|
|
|
|
|
|
Вот эта песня устарела, потому что есть зачем идти на Таганскую площадь.
Театр на Таганке завоевал большую любовь и популярность у зрителей Москвы и
других городов, где мы бывали на гастролях. Были мы и за рубежом в Болгарии,
в Венгрии, в Югославии. Вот, в Югославии в позапрошлом году мы получили
Гранд-при — высшую награду фестиваля за спектакль "Гамлет", что мне особенно
приятно, потому что я в нём играю роль Гамлета. А в прошлом году в Париже, в
Лионе и в Марселе на гастролях во Франции мы снова играли несколько
спектаклей и опять тот же спектакль "Гамлет" получил премию, почётную премию
французской критики за лучший иностранный спектакль года. А надо вам
сказать, что в позапрошлом году и в прошлом там было двести коллективов.

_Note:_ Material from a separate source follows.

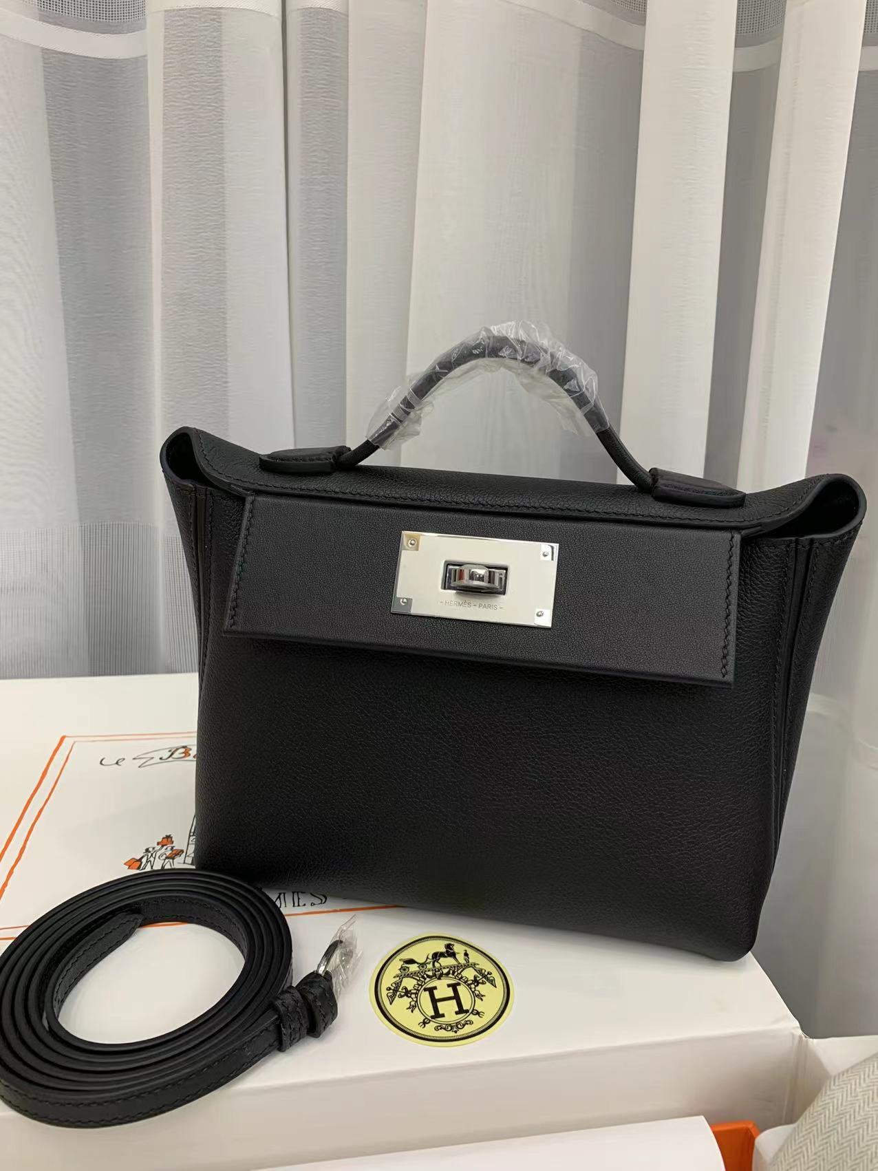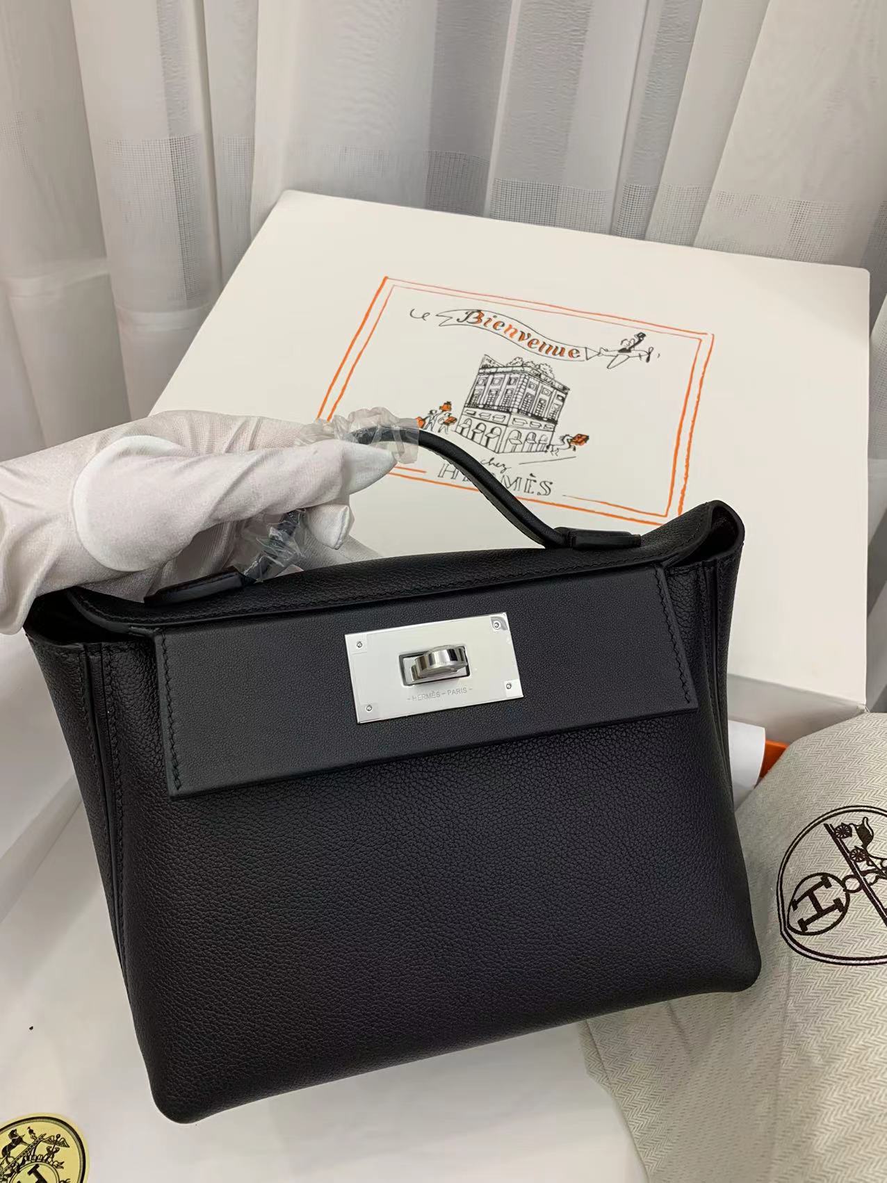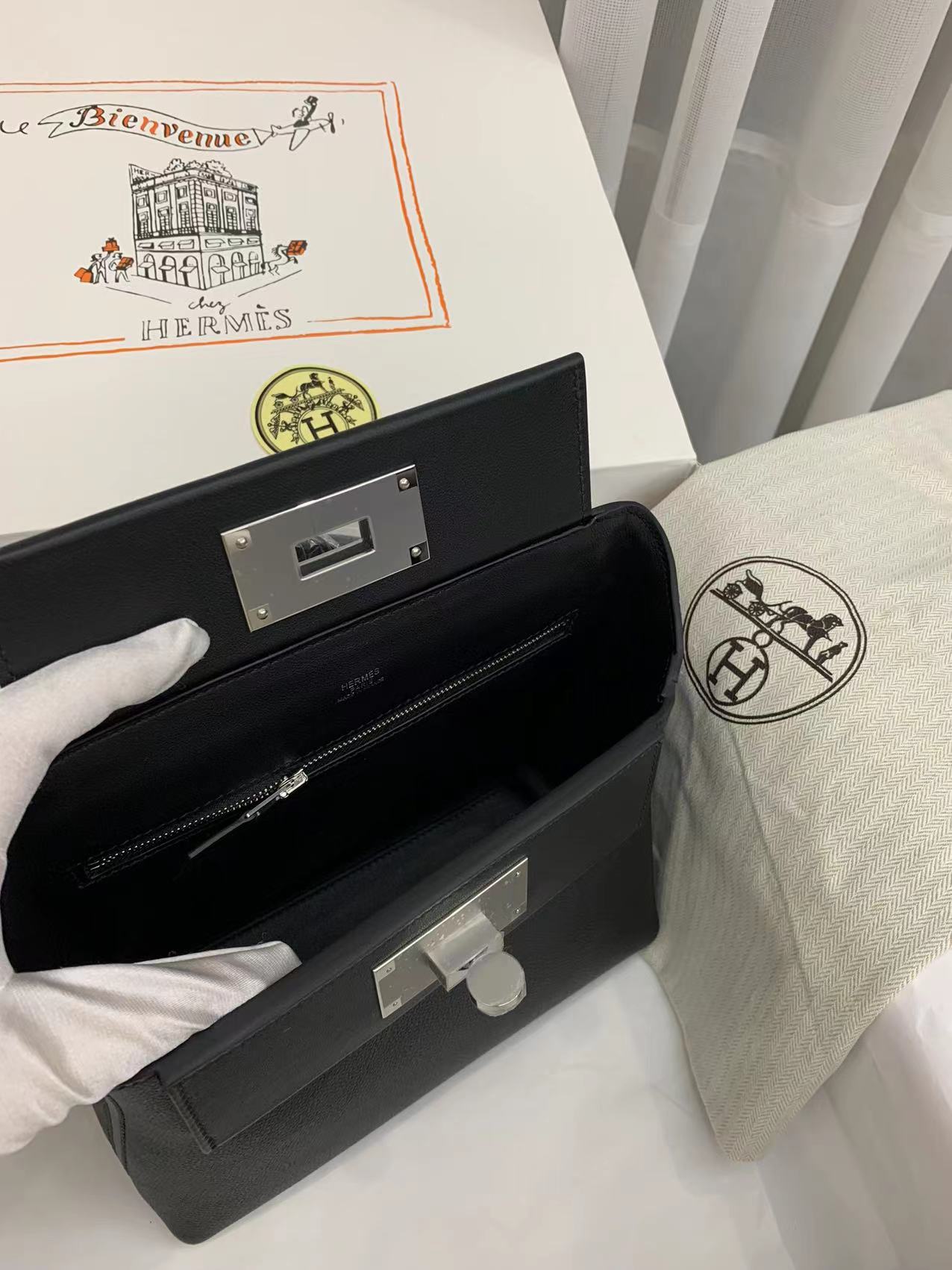 「#4256」Hermès Black Kelly Bag Silver Buckle Y2424mini 21*16*12cm

Поэтому это очень почётная для нас была награда. Значит, если говорить, так,
в шутку, то есть, когда вы приедете в Москву и попытаетесь попасть в этот
театр, особенно на последние спектакли, вы увидите, что это дело совсем
просто безнадёжное, потому что там есть какие-то специальный очереди,
специальные списки, которые устанавливают сами зрители, и в тёплые летние
ночи зрители ночуют на раскладушках в соседних дворах, потому что они в
четыре часа, как штык, около дверей театра чего-то отмечают, пишут номерки
на руках, как за мукой во время войны, знаете, там переклички устраивают. И
есть одна возможность: надо прорваться через кордоны милиции, пожарников и
дружинников, упасть на колени перед директором, сказать: "Здрасьте, мы из
Раменского", и он всё равно ничё не сделает. Тогда, значит, нужно найти нас,
кого-нибудь из своих знакомых, артистов, там, меня, сказать: "Володя,
помоги" и я чего-нибудь буду суетиться, бегать, вот. Но только, конечно, не
все сразу, потому что у нас маленький театр, у нас шестьсот пятьдесят мест, но нам строят
новый большой на семьсот пятьдесят. Вот. <Смех в зале>
Строят его… строят его быстрыми темпами, вот уже четыре года, значит, <смеётся>
так что глядишь, не пройдёт… в общем, к концу следующего десятилетия, я
надеюсь, что мы уже будем играть в новом здании, хотя, может быть, нам
повезёт, случится что-нибудь непредвиденное, что-нибудь хорошее, и мы въедем
пораньше. Вот.
А если говорить серьёзно — в чём там дело, из-за чего так рвутся люди в этот
театр? Это потому, мне кажется, что театр имеет свою позицию, своё лицо.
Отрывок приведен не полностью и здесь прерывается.